- ABOUT THIS EXERCISE -
In the records below, repeat word for word only the lines starting at the one that contains "MYE-009623 AUTOR: CESAR PAYAMPS RD$5,000.00" and ending at the one that contains "An old welcome", pictures excluded.

##### AVAILABLE RECORDS #####

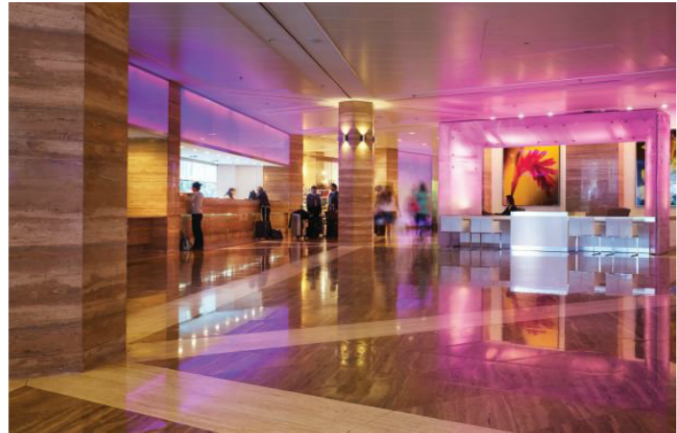
Art has a place in every corner of the hotel's lobby, from works mounted on the walls to the interactive seating pods spread throughout.

millimeters apart for high-resolution digital video displays.
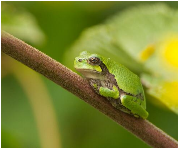
2nd Place – Ramona Lenger – Out on a Limb
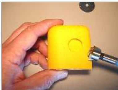
2. Drill with Forstner bit - no more than 1/2 way
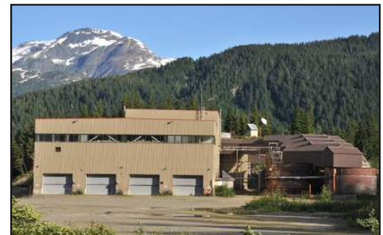
Mill at the Premier property
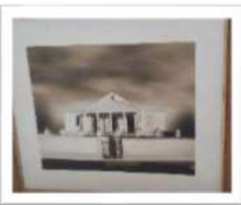
MYE-009623 AUTOR: CESAR PAYAMPS RD$5,000.00
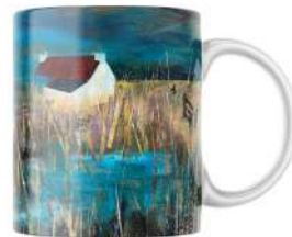
Gate to the Pond
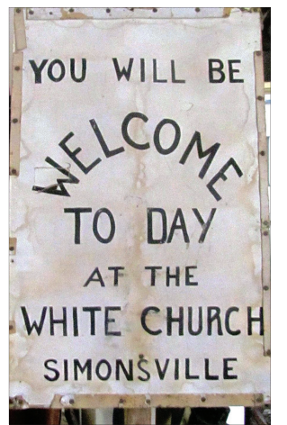
An old welcome sign for the White Church in Simonsville, mentioned in this history.

fireplaces, Christian doors, and the third-floor ballroom. A double porch now fronts the first two floors, with a third smaller porch opening from the ell. In early automobile days, this inn was a stop-over on the 'Ideal Tour' between Manchester, Vermont and the White Mountains of New Hampshire. "The Little Red Schoolhouse , 24.3 m., would serve to illustrate the well-loved song of that name, and brings memories of all the sentimental songs and poems dealing with rural schooldays. "The Parsonage , 25 m., stands in the attractive sturdiness of red brick, made locally in Simonsville, and is early nineteenth century, having been used as a parsonage since its construction. "Between Simonsville and Chester, State 11 winds along an upland river valley, crossing and recrossing the rocky branch stream of

#####

- TASK OUTPUT -
MYE-009623 AUTOR: CESAR PAYAMPS RD$5,000.00
Gate to the Pond
An old welcome sign for the White Church in Simonsville, mentioned in this history.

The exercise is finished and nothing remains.